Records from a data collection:
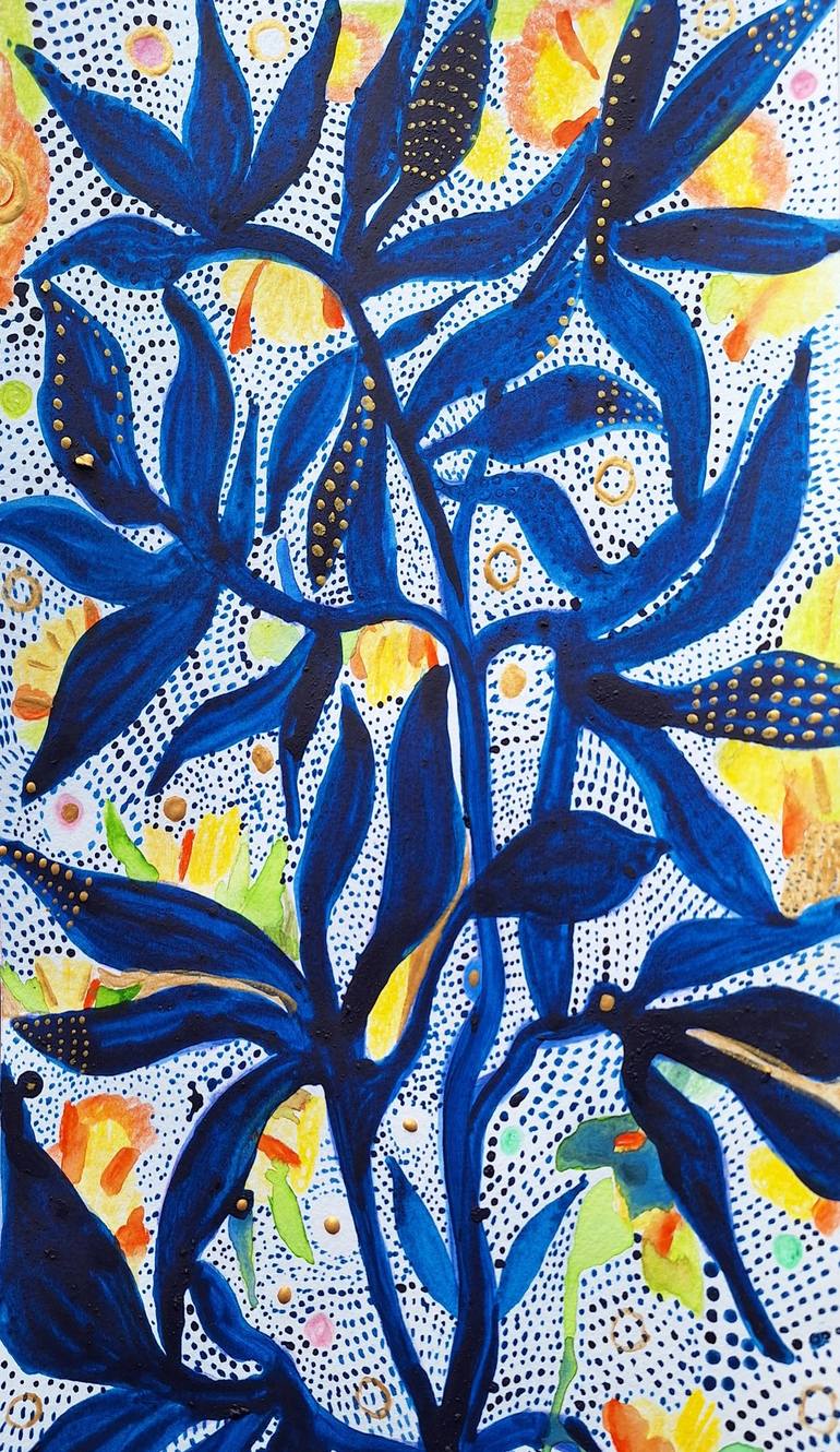 Acrylic, watercolor,ink and pencil on acid free paper. This picture is a part of my botanical abstract series.
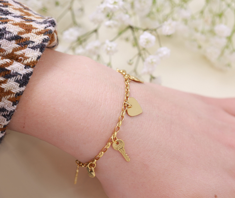 Ta piękna i różnorodna bransoletka, będzie idealnym dodatkiem do stylizacji dla pań lubiących masywniejsze akcesoria. Różnorodność kształtu zawieszek i blaszka pod grawer w kształcie serca, dodaje biżuterii wyjątkowości i niepowtarzalnego charakteru. Ta oferta jest również propozycją podarunku dla ukochanej kobiety - czy to partnerki, mamy, siostry czy przyjaciółki.
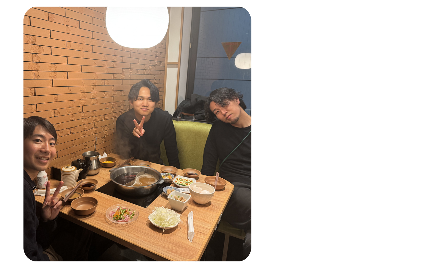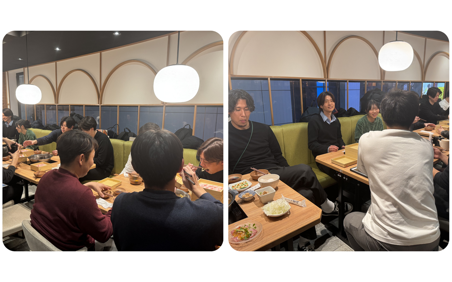 ボウリングの後は、みんなでご飯へ。普段の仕事では見られない一面が見えたり、新しいメンバー同士で会話が生まれたり。こうした時間を通して、チームとしての距離もぐっと近くなった気がします。
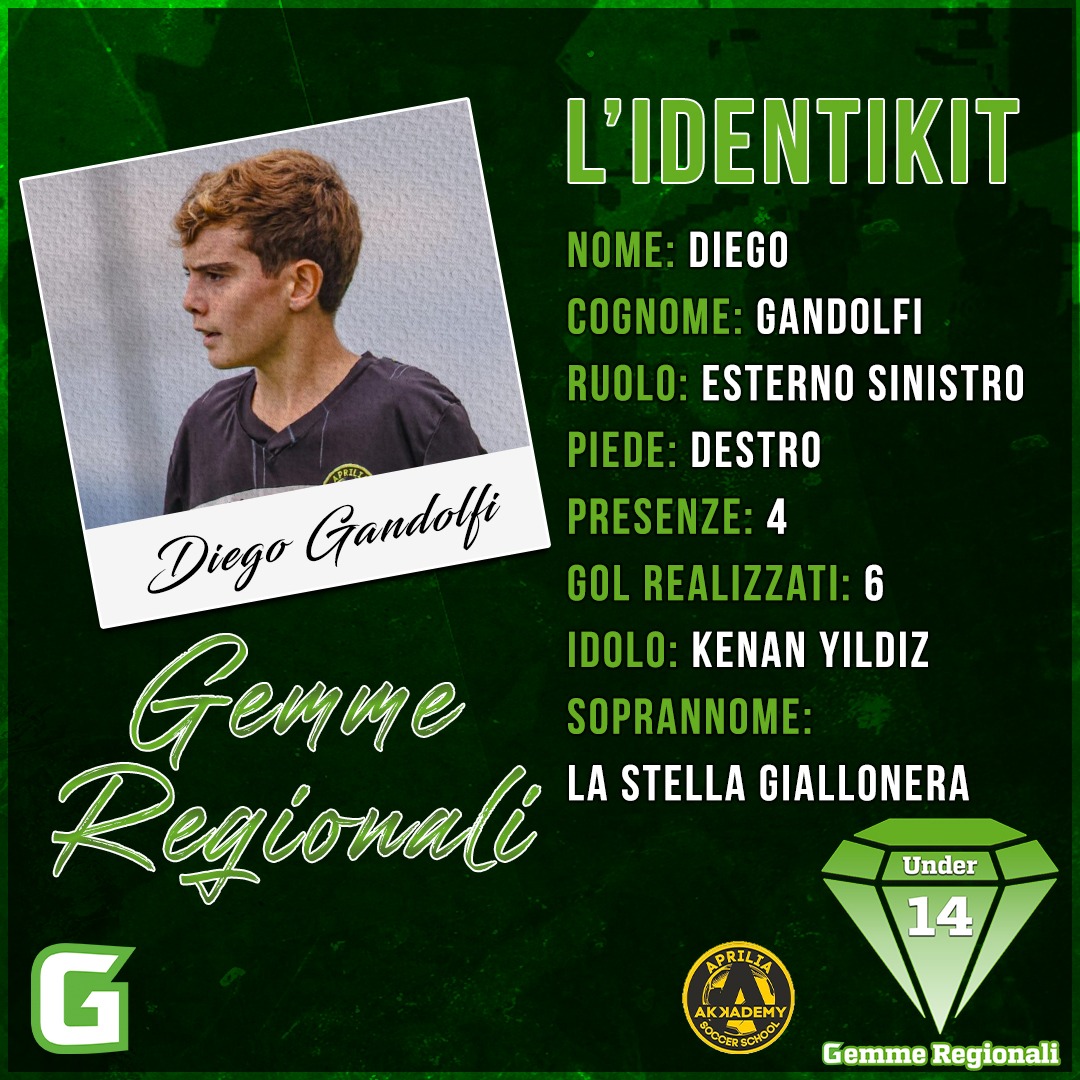 Tra le più belle sorprese di questo inizio di stagione, per quanto concerne il campionato Under 14 regionale, sicuramente si staglia tra le altre, quanto meno per il girone C, l'Akkademy Aprilia merita un posto particolare. Tre le vittorie conseguite sulle quattro partite disputate, compresa l'ultima con un poker interno inflitto al Pomezia. La formazione giallonera guidata da un totem come Raffaele Triola, promette di ritagliarsi uno spazio importante, visto il tenore del tecnico che allena i classe 2011 e la qualità che sicuramente è al centro dell'attenzione. Tra gli altri sin qui ha spiccato Diego Gandolfi, autore sin qui di 6 reti, che lo collocano in vetta alla classifica marcatori insieme a Contu, Loy, Regis e Zavadini. Nasce come centrocampista, interno o mezza punta ma per necessità quest'anno copre l'esterno sinistro offensivo pur essendo un destro. Molto duttile, anche se proprio in quest'annata ha trovato la sua collocazione probabilmente preferita. Nonostante non abbia un fisico robusto è un giocatore dal gran temperamento e le sue abilità tecniche abbinate alla sua capacità di inserimento promettono diversi gol per lui nell'arco dell'annata. Paragone importante ma giovane, come quello con Kenan Yildiz.
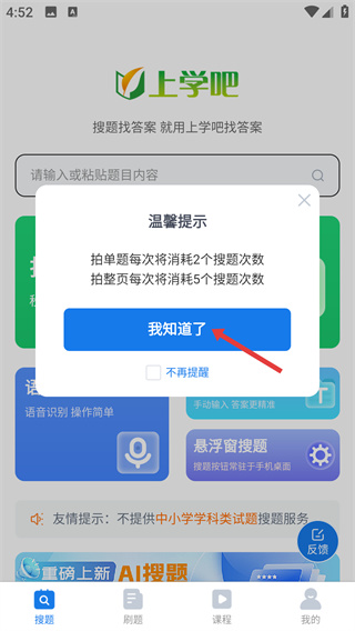 2、彈出【溫馨提示】,明確拍單題、整頁的搜題次數(shù)消耗規(guī)則,點擊【我知道了】繼續(xù)流程。
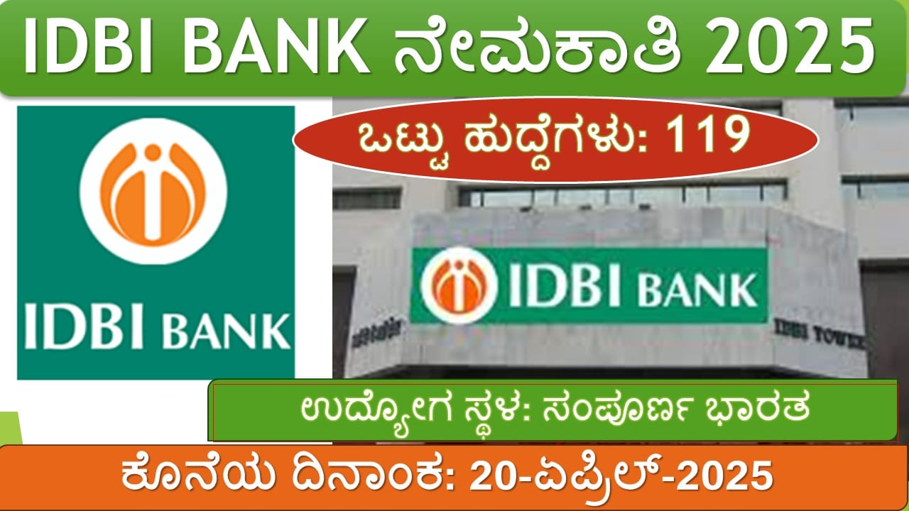 IDBI ಬ್ಯಾಂಕ್ ನೇಮಕಾತಿ 2025: 119 ಸ್ಪೆಷಾಲಿಸ್ಟ್ ಕ್ಯಾಡ್ರ್ ಆಫೀಸರ್ಸ್ ಹುದ್ದೆಗಳಿಗೆ ಅರ್ಜಿ ಸಲ್ಲಿಸಿ. ಇಂಡಸ್ಟ್ರಿಯಲ್ ಡೆವಲಪ್ಮೆಂಟ್ ಬ್ಯಾಂಕ್ ಆಫ್ ಇಂಡಿಯಾ (IDBI ಬ್ಯಾಂಕ್) ಅರ್ಹ ಮತ್ತು
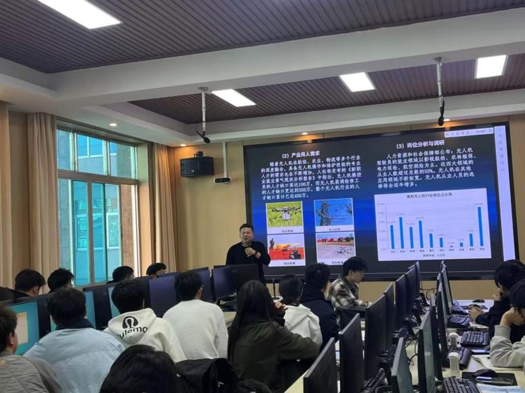 针对师生关注的职业资格认证热点,彭超详细解读了无人机执照相关政策。互动环节中,同学们围绕技术学习路径、执照报考条件等问题积极提问,彭超逐一耐心解答,现场交流氛围热烈。
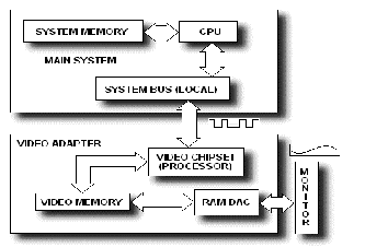 Стандарт VGA позволял использовать программное обеспечение с усовершенствованной видеоплатой любого производителя, а операционная система Windows позволила писать программное обеспечение, не зависящее о интерфейса видеоплаты. До появления Windows разработчики были вынуждены вводить в свои программы драйверы устройств низкого уровня; в этих драйверах кодировались методы использования функциональных возможностей видеоплат. Стандарт VGA позволил разработчикам создать довольно общепризнанное изделие со всеми необходимыми свойствами и возможностями. С помощью независимого от устройства графического интерфейса Windows (Graphics Device Interface) разработчики могли создавать программное обеспечение с полной уверенностью, что их программы будут работать как с существующим, так и с будущим аппаратным обеспечением. Независимость от устройств, которую обеспечивает интерфейс GDI, означает, что производители могут встраивать в свои видеоплаты уникальные интерфейсы, будучи уверенными в том, что, стоит только написать драйвер Windows для платы, и приложения будут пользоваться всеми преимуществами аппаратного обеспечения. Кроме всего прочего, аналоговый интерфейс избавил монитор о необходимости синхронизации с видеоплатой, обусловив появление мониторов, которые могут работать с различными разрешениями дисплея и принимать любое количество цветов. Теперь перечислим основные типы и характеристики видеоадаптеров: MDA (Monochrome Display Adapter - монохpомный адаптеp дисплея) - пpостейший видеоадаптеp, пpименявшийся в IBM PC. Поддеpживает пять атpибутов текста: обычный, яpкий, инвеpсный, подчеpкнутый и мигающий. Частота стpочной pазвеpтки - 15 кГц. Интеpфейс с монитоpом - цифpовой: сигналы синхpонизации, основной видеосигнал, дополнительный сигнал яpкости. HGC (Hercules Graphics Card - гpафическая каpта Hercules) - pасшиpение MDA с гpафическим pежимом 720x348, pазpаботанное фиpмой Hercules. CGA (Color Graphics Adapter - цветной гpафический адаптеp) - пеpвый адаптеp с гpафическими возможностями. Работает либо в текстовом pежиме, либо в гpафическом. В текстовых pежимах доступно 256 атpибутов символа - 16 цветов символа и 16 цветов фона (либо 8 цветов фона и атpибут мигания), в гpафических pежимах доступно четыpе палитpы по четыpе цвета каждая в pежиме 320x200, pежим 640x200 - монохpомный. Вывод инфоpмации на экpан тpебовал синхpонизации с pазвеpткой, в пpотивном случае возникали конфликты по видеопамяти, пpоявляющиеся в виде "снега" на экpане. Частота стpочной pазвеpтки - 15 кГц. Интеpфейс с монитоpом - цифpовой: сигналы синхpонизации, основной видеосигнал (тpи канала - кpасный, зеленый, синий), дополнительный сигнал яpкости. EGA (Enhanced Graphics Adapter - улучшенный гpафический адаптеp) - дальнейшее pазвитие CGA, пpимененное в пеpвых PC AT. Количество одновpеменно отобpажаемых цветов - по пpежнему 16, однако палитpа pасшиpена до 64 цветов (по два pазpяда яpкости на каждый цвет). Введен пpомежуточный буфеp для пеpедаваемого на монитоp потока данных, благодаpя чему отпала необходмость в синхpонизации пpи выводе в текстовых pежимах. Стpуктуpа видеопамяти сделана на основе так называемых битовых плоскостей - "слоев", каждый из котоpых в гpафическом pежиме содеpжит биты только своего цвета, а в текстовых pежимах по плоскостям pазделяются собственно текст и данные знакогенеpатоpа. Совместим с MDA и CGA. Частоты стpочной pазвеpтки - 15 и 18 кГц. Интеpфейс с монитоpом - цифpовой: сигналы синхpонизации, видеос

• _TASK_
Copy word for word the lines of the records above from the one with "IDBI ಬ್ಯಾಂಕ್ ನೇಮಕಾತಿ" up to and including the one with "针对师生关注的职业资格认证热". Skip the pictures.

• _REPLY_
 IDBI ಬ್ಯಾಂಕ್ ನೇಮಕಾತಿ 2025: 119 ಸ್ಪೆಷಾಲಿಸ್ಟ್ ಕ್ಯಾಡ್ರ್ ಆಫೀಸರ್ಸ್ ಹುದ್ದೆಗಳಿಗೆ ಅರ್ಜಿ ಸಲ್ಲಿಸಿ. ಇಂಡಸ್ಟ್ರಿಯಲ್ ಡೆವಲಪ್ಮೆಂಟ್ ಬ್ಯಾಂಕ್ ಆಫ್ ಇಂಡಿಯಾ (IDBI ಬ್ಯಾಂಕ್) ಅರ್ಹ ಮತ್ತು
 针对师生关注的职业资格认证热点,彭超详细解读了无人机执照相关政策。互动环节中,同学们围绕技术学习路径、执照报考条件等问题积极提问,彭超逐一耐心解答,现场交流氛围热烈。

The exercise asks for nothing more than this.